• Records from a collection
┏━━

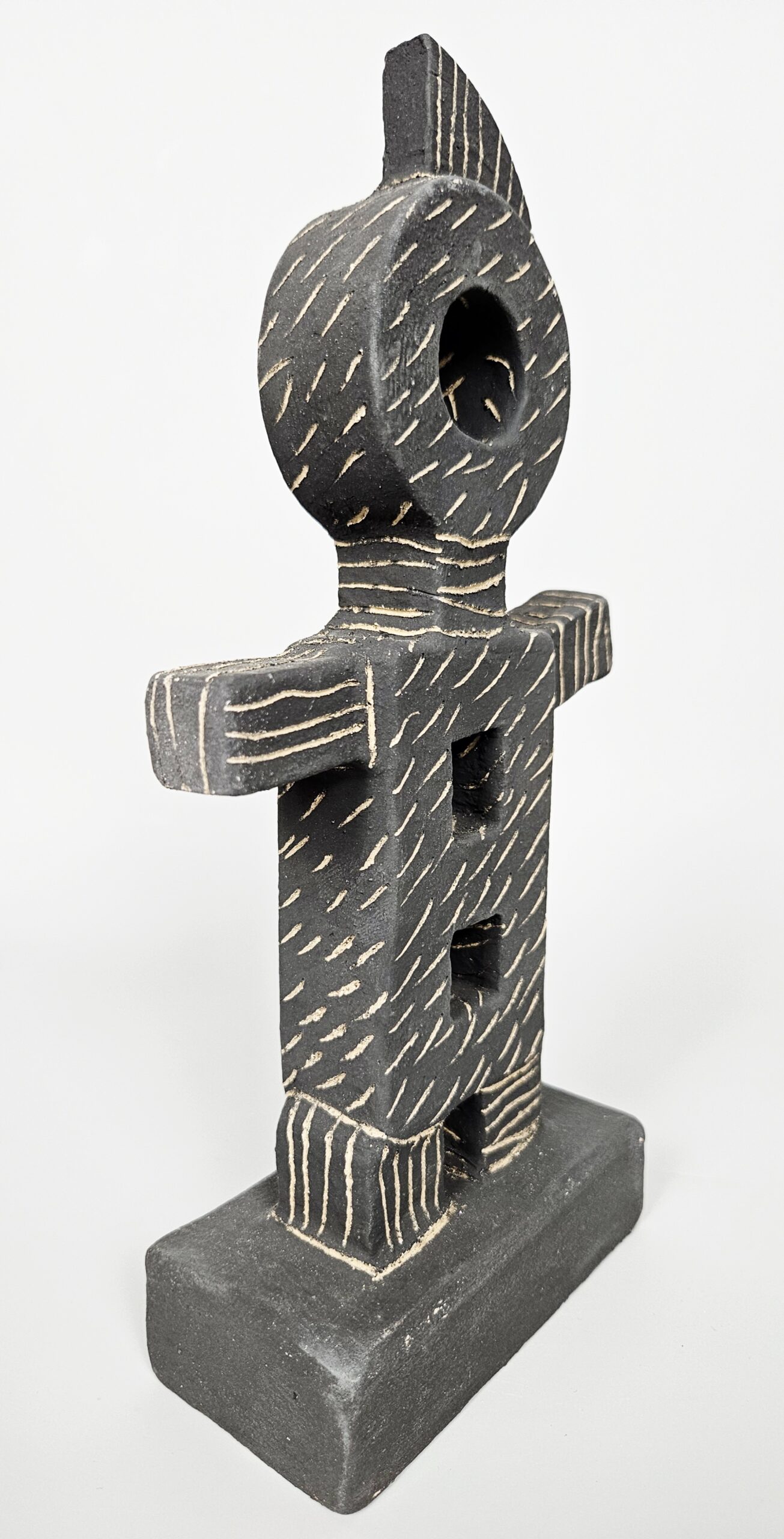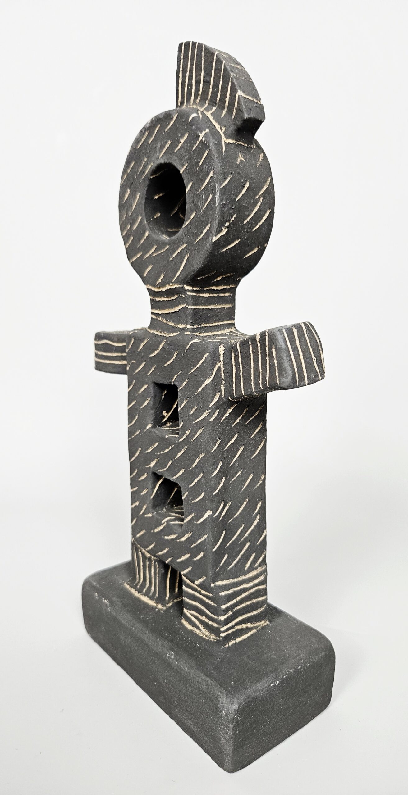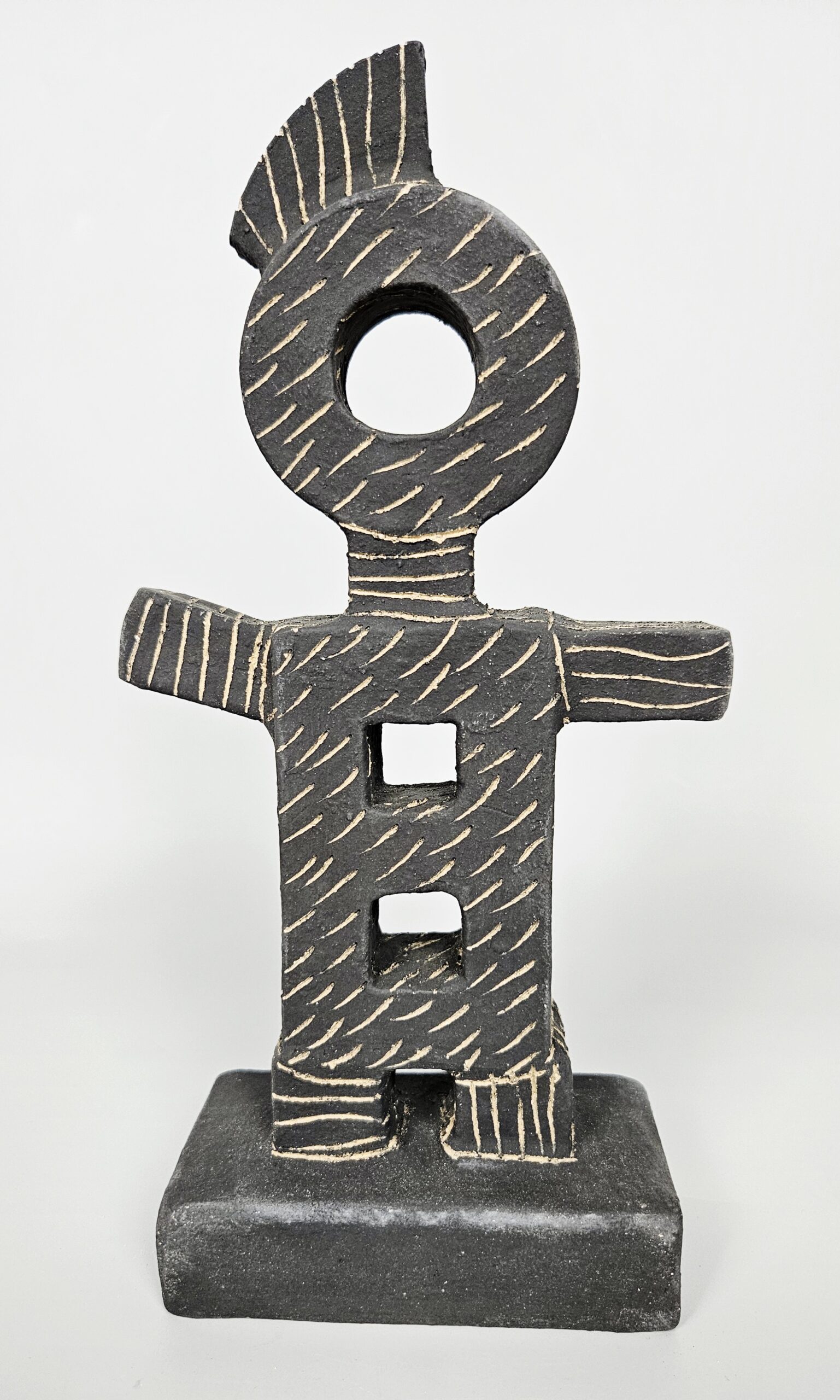 Plastika z keramiky s názvem „Šaman“ je ruční tvorba výtvarníka Karla Frantela a je inspirována skalními kresbami našich předků.
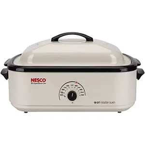 Nesco 4818-14 18-quart Classic Roaster Oven:Extra-high domeSelf-basting cover helps maintain moistureThe Nesco classic roaster oven features an adjustable thermostat up to 425 degrees FRemovable porcelain cookwellExclusive "Circle of Heat" heating elementHolds up to a 22 lb turkeyIvoryNesco oven has handles that stay cool while cooking18 quart capacity Includes removable metal cooking rack
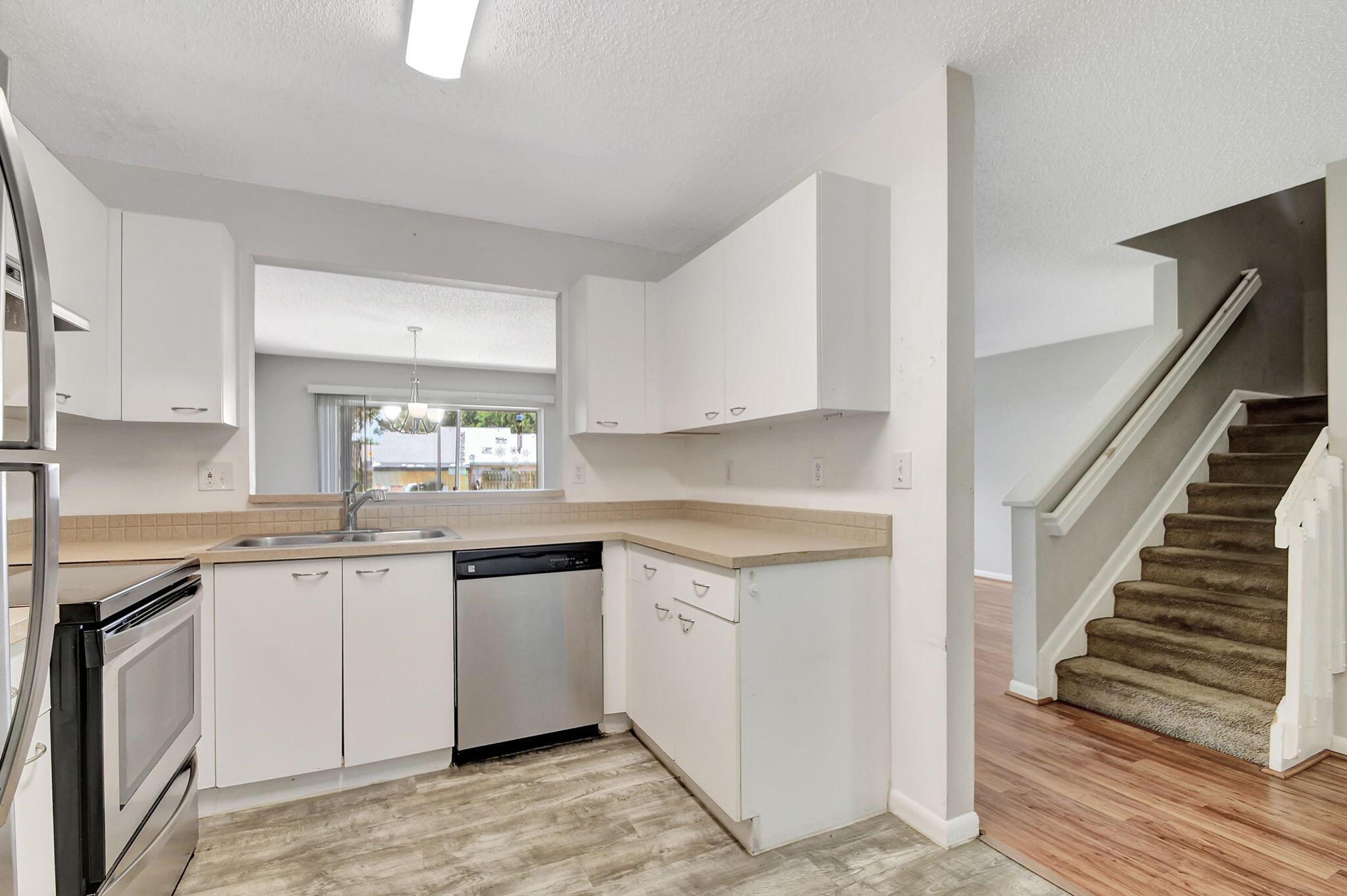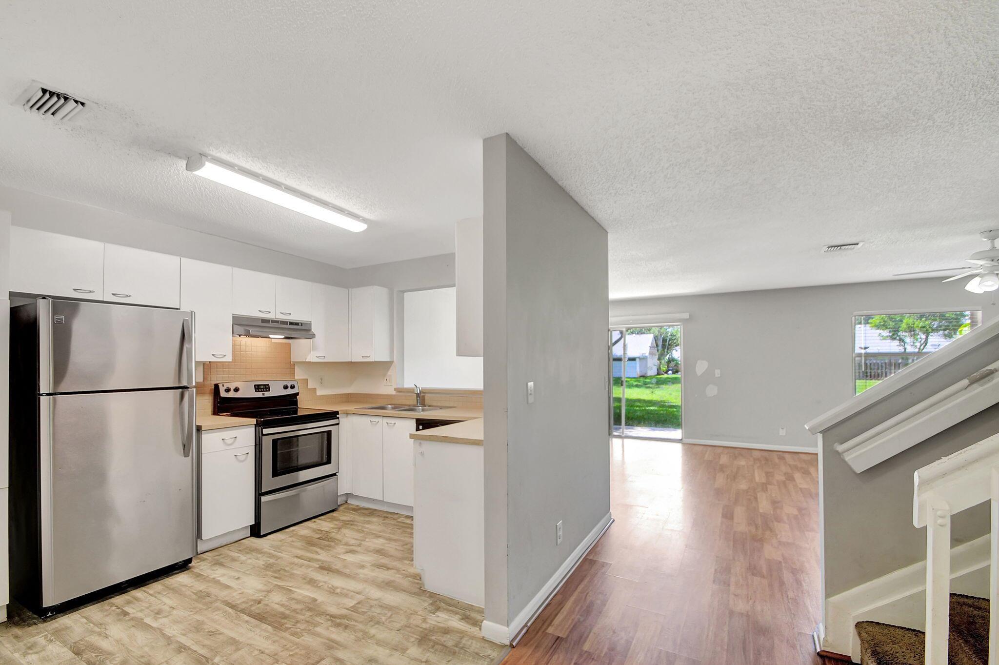 Discover this beautiful two-story townhome in central West Palm Beach, perfectly located near shopping, dining, entertainment, highways, and excellent schools. With a charming exterior, this home features three bedrooms and three full bathrooms, including a convenient first-floor bedroom and bathroom. The primary suite offers a walk-in closet. Upstairs, a versatile open area can serve as a playroom, office, or cozy den. The kitchen boasts sleek stainless steel appliances, ideal for cooking enthusiasts. Complete with a one-car attached garage Enjoy the added bonus of a porch and patio. Only 5.5 miles from the beach.
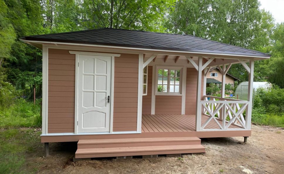 Имитация бруса 16×135 мм внутри, имитация бруса 21×135 мм снаружи.
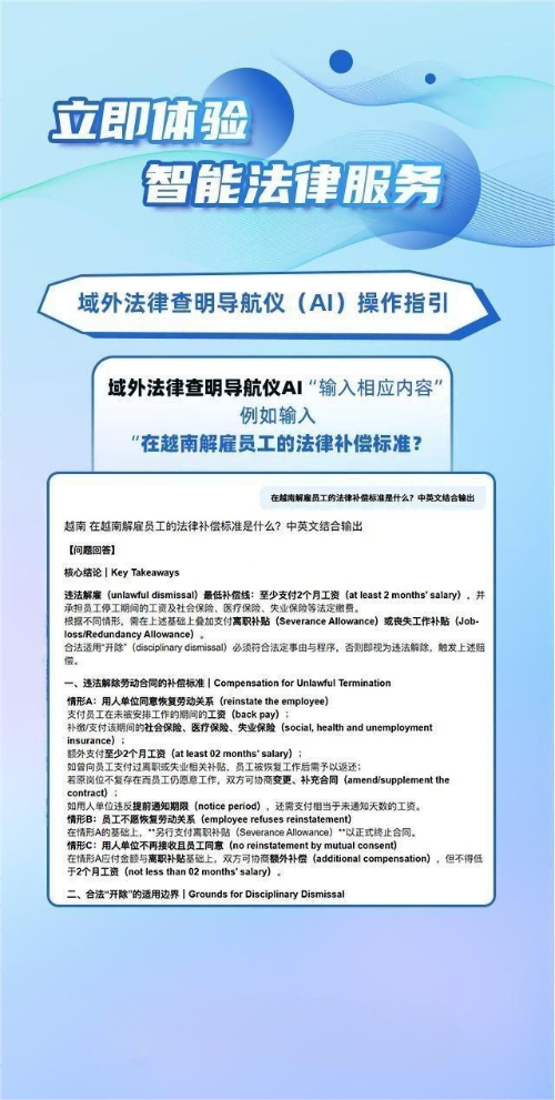 一方面,企业无需依赖境外律师或专业机构,即可自主获取多国法律参考,显著降低法律咨询费用与时间成本;另一方面,系统基于专业解读与官方条文溯源,为海外投资、贸易合作等关键决策提供可靠法律依据,助力企业提升风险预判与应对能力。
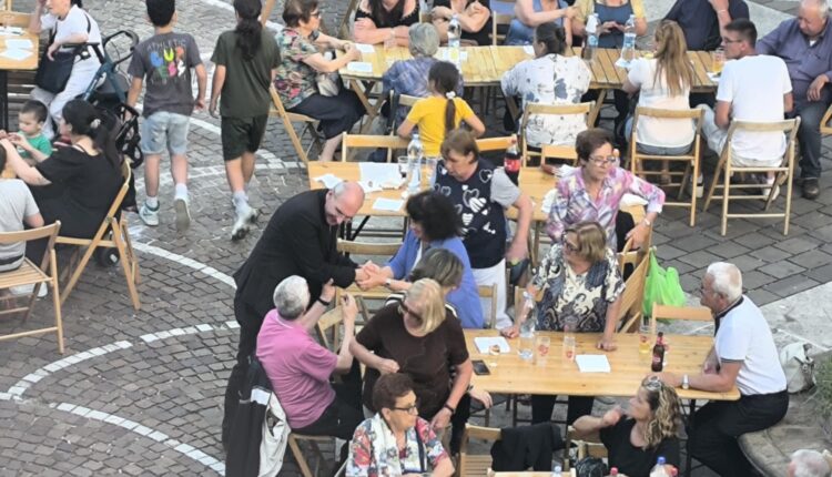 CARSOLI – Ieri il Vescovo Giovanni Massaro ha vissuto un pomeriggio/sera particolarmente intenso. Oltre all’importante messaggio cristiano e di fede evidenziato nel corso della sua omelia durante la celebrazione liturgica, la guida pastorale diocesana si è intrattenuta per tutta la sera con i fedeli di Carsoli e di Luco dei Marsi. Ha dialogato con tutti, visitando i vari tavoli con una testimonianza vivace di autentica vicinanza tra l’istituzione religiosa ed i fedeli. Ha rassicurato tutti, coloro che erano dispiaciuti per l’addio a don Roberto per un verso, e a don Umberto per l’altro. La fede, consente di superare tutto, ha spiegato Sua Eccellenza.
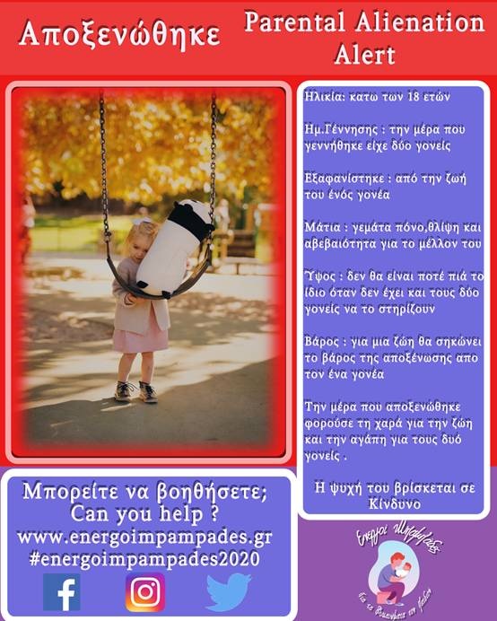 Το ανωτέρω κείμενο πρόκειται για αληθινή ιστορία όπως μας την έστειλε ένας αποξενωμένος Πατέρας που βλέπει το παιδί του περίπου 1 φορά τον μήνα για 3 ώρες, ανάλογα την επιθυμία του γονέα που έχει την αποκλειστική επιμέλεια. Τα προσωπικά στοιχεία ενδέχεται να έχουν παραποιηθεί για λόγους σεβασμού της ανωνυμίας και απορρήτου δεδομένων.
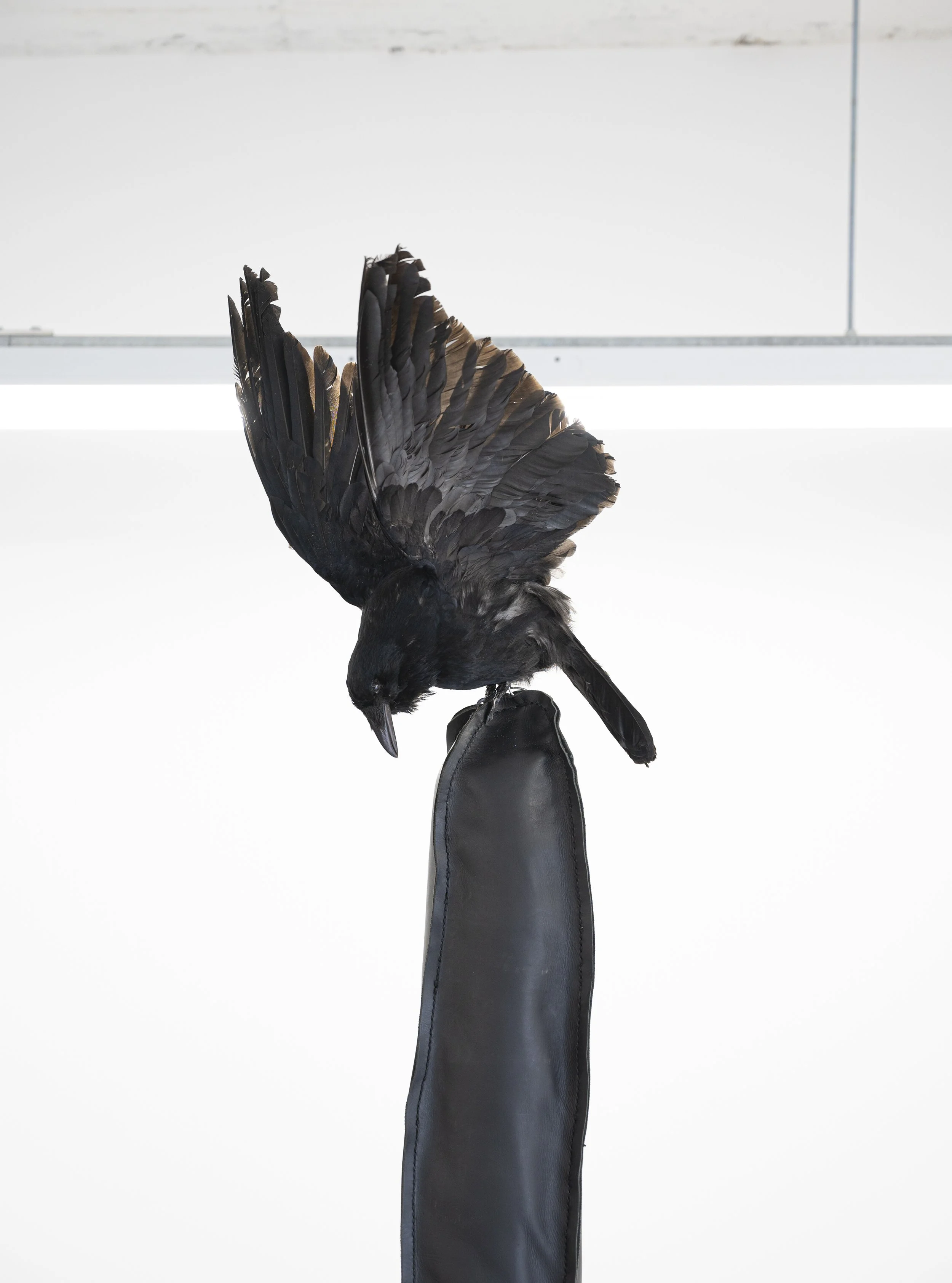 hand-stitched leather, steel, cement, tourmaline, taxidermy crow

┗━━

• Required action
Return the entries above exactly as they appear. Pictures should not be copied.

• Answer box
 Plastika z keramiky s názvem „Šaman“ je ruční tvorba výtvarníka Karla Frantela a je inspirována skalními kresbami našich předků.
 Nesco 4818-14 18-quart Classic Roaster Oven:Extra-high domeSelf-basting cover helps maintain moistureThe Nesco classic roaster oven features an adjustable thermostat up to 425 degrees FRemovable porcelain cookwellExclusive "Circle of Heat" heating elementHolds up to a 22 lb turkeyIvoryNesco oven has handles that stay cool while cooking18 quart capacity Includes removable metal cooking rack
 Discover this beautiful two-story townhome in central West Palm Beach, perfectly located near shopping, dining, entertainment, highways, and excellent schools. With a charming exterior, this home features three bedrooms and three full bathrooms, including a convenient first-floor bedroom and bathroom. The primary suite offers a walk-in closet. Upstairs, a versatile open area can serve as a playroom, office, or cozy den. The kitchen boasts sleek stainless steel appliances, ideal for cooking enthusiasts. Complete with a one-car attached garage Enjoy the added bonus of a porch and patio. Only 5.5 miles from the beach.
 Имитация бруса 16×135 мм внутри, имитация бруса 21×135 мм снаружи.
 一方面,企业无需依赖境外律师或专业机构,即可自主获取多国法律参考,显著降低法律咨询费用与时间成本;另一方面,系统基于专业解读与官方条文溯源,为海外投资、贸易合作等关键决策提供可靠法律依据,助力企业提升风险预判与应对能力。
 CARSOLI – Ieri il Vescovo Giovanni Massaro ha vissuto un pomeriggio/sera particolarmente intenso. Oltre all’importante messaggio cristiano e di fede evidenziato nel corso della sua omelia durante la celebrazione liturgica, la guida pastorale diocesana si è intrattenuta per tutta la sera con i fedeli di Carsoli e di Luco dei Marsi. Ha dialogato con tutti, visitando i vari tavoli con una testimonianza vivace di autentica vicinanza tra l’istituzione religiosa ed i fedeli. Ha rassicurato tutti, coloro che erano dispiaciuti per l’addio a don Roberto per un verso, e a don Umberto per l’altro. La fede, consente di superare tutto, ha spiegato Sua Eccellenza.
 Το ανωτέρω κείμενο πρόκειται για αληθινή ιστορία όπως μας την έστειλε ένας αποξενωμένος Πατέρας που βλέπει το παιδί του περίπου 1 φορά τον μήνα για 3 ώρες, ανάλογα την επιθυμία του γονέα που έχει την αποκλειστική επιμέλεια. Τα προσωπικά στοιχεία ενδέχεται να έχουν παραποιηθεί για λόγους σεβασμού της ανωνυμίας και απορρήτου δεδομένων.
 hand-stitched leather, steel, cement, tourmaline, taxidermy crow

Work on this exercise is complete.